UAE-based Rotana Hotels has extended its expansion plans in Saudi Arabia and the United Arab Emirates ahead of 2023.
Five years ago, Rotana set a goal to open 100 hotels by 2020. By the end of this year, the company is set to have 67 hotels operating in the Middle East, Levant, Turkey and Africa. “We opened up three this year, and we have another seven to go,” Omer Kaddouri, president and CEO of Rotana Hotel Management, told Gulf News.
Rotana expects to open 20 hotels in Saudi Arabia by 2030 in line with the Saudi Vision 2030 urban development program. The hotel group already has four hotels open with at least another three in the pipeline for this year alone.

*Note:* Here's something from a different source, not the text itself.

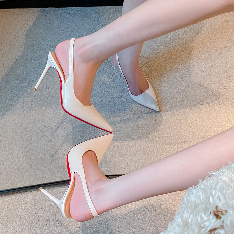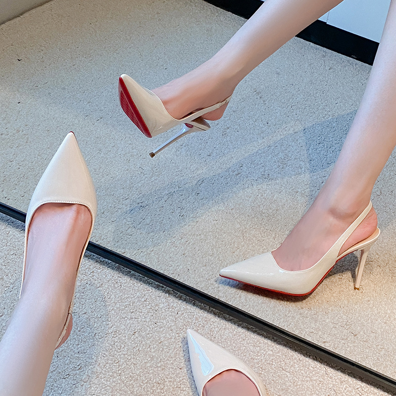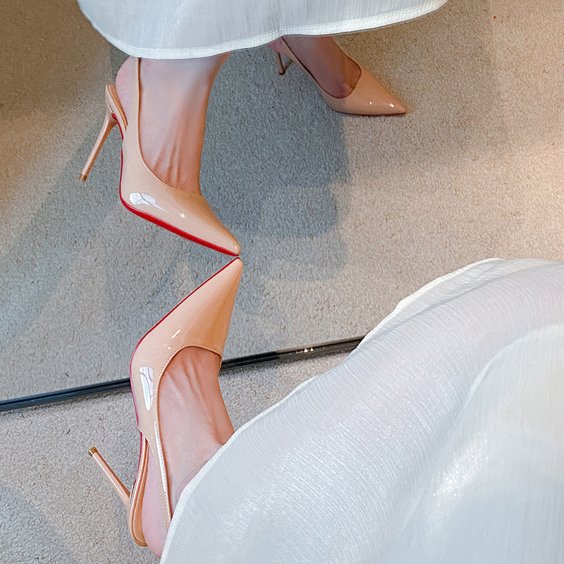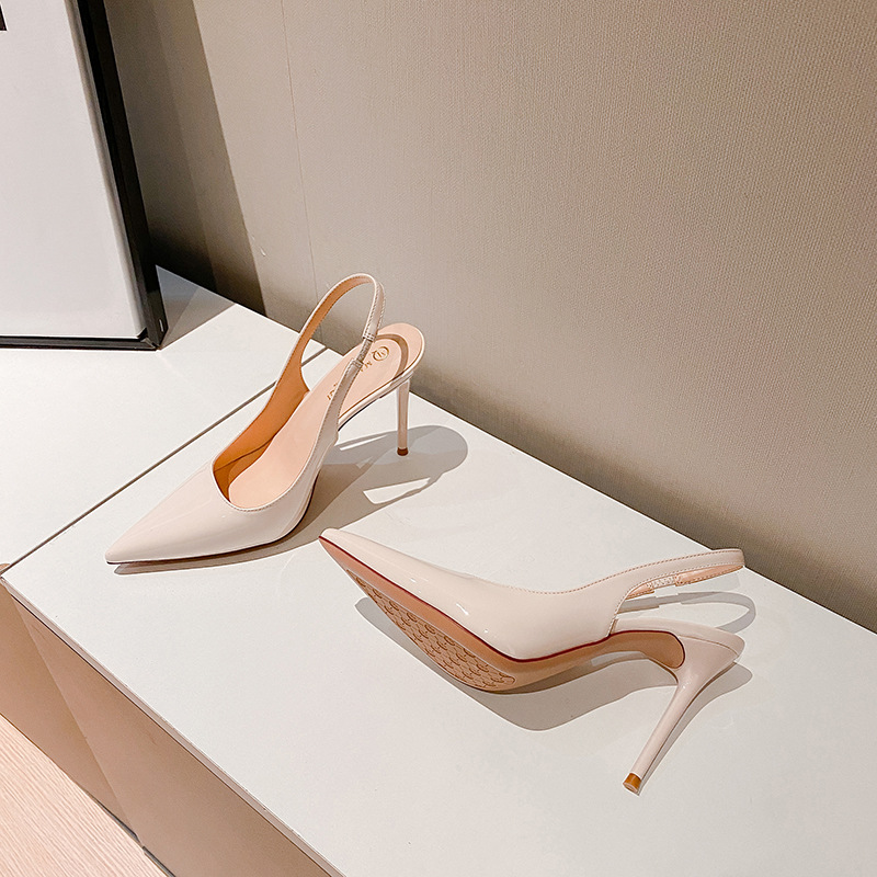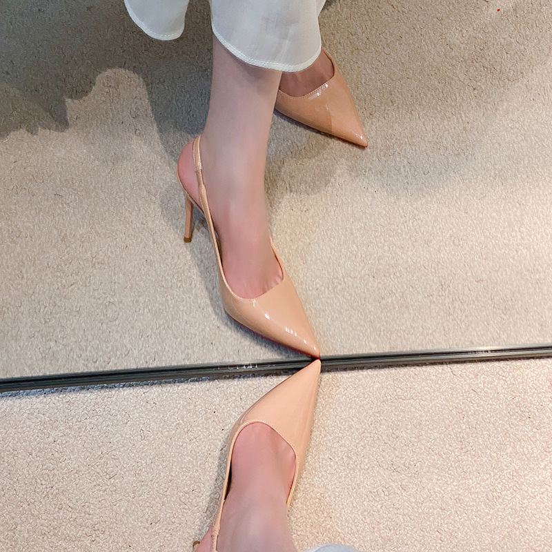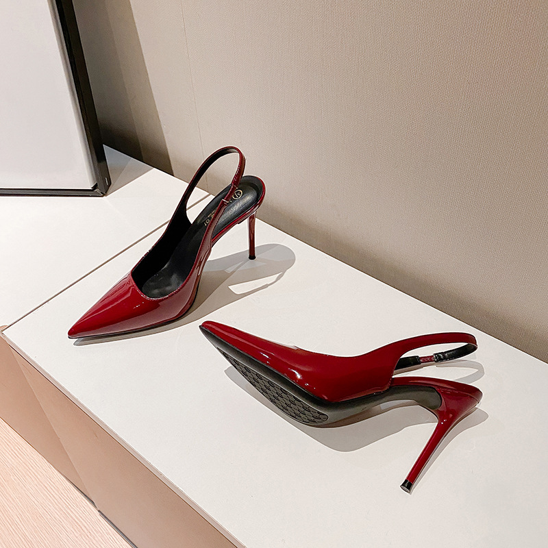 2025년형 뾰족코 블랙 섹시 래커 가죽 스트랩 샌들 여성용 편안한 하이힐스토어 가기

The company is also planning to open seven to 10 hotel projects in the UAE by 2020, in spite of several challenges Rotana has faced in the area. The group’s main challenge, along with all other hotel groups, is the mounting pressures on average room rate. Kaddouri predicts these challenges will continue for another two years. “However, this year we are starting to see a decrease in the lowering of rates,” he said. “While I think that we are going to be in a similar situation in 2018 and 2019, we are going to see a hike in average daily rates in 2020-2021, mainly because of Expo 2020. And then after that it’s probably going to go back to the pre-Expo days, which is very good.” Kaddouri added that oil prices, and the overall economy, are beginning to improve, boosting the market’s hotel industry in response.
Rotana is also expanding into new markets with a hotel slated for Iran early next year and three properties planned for India in the next two to three years.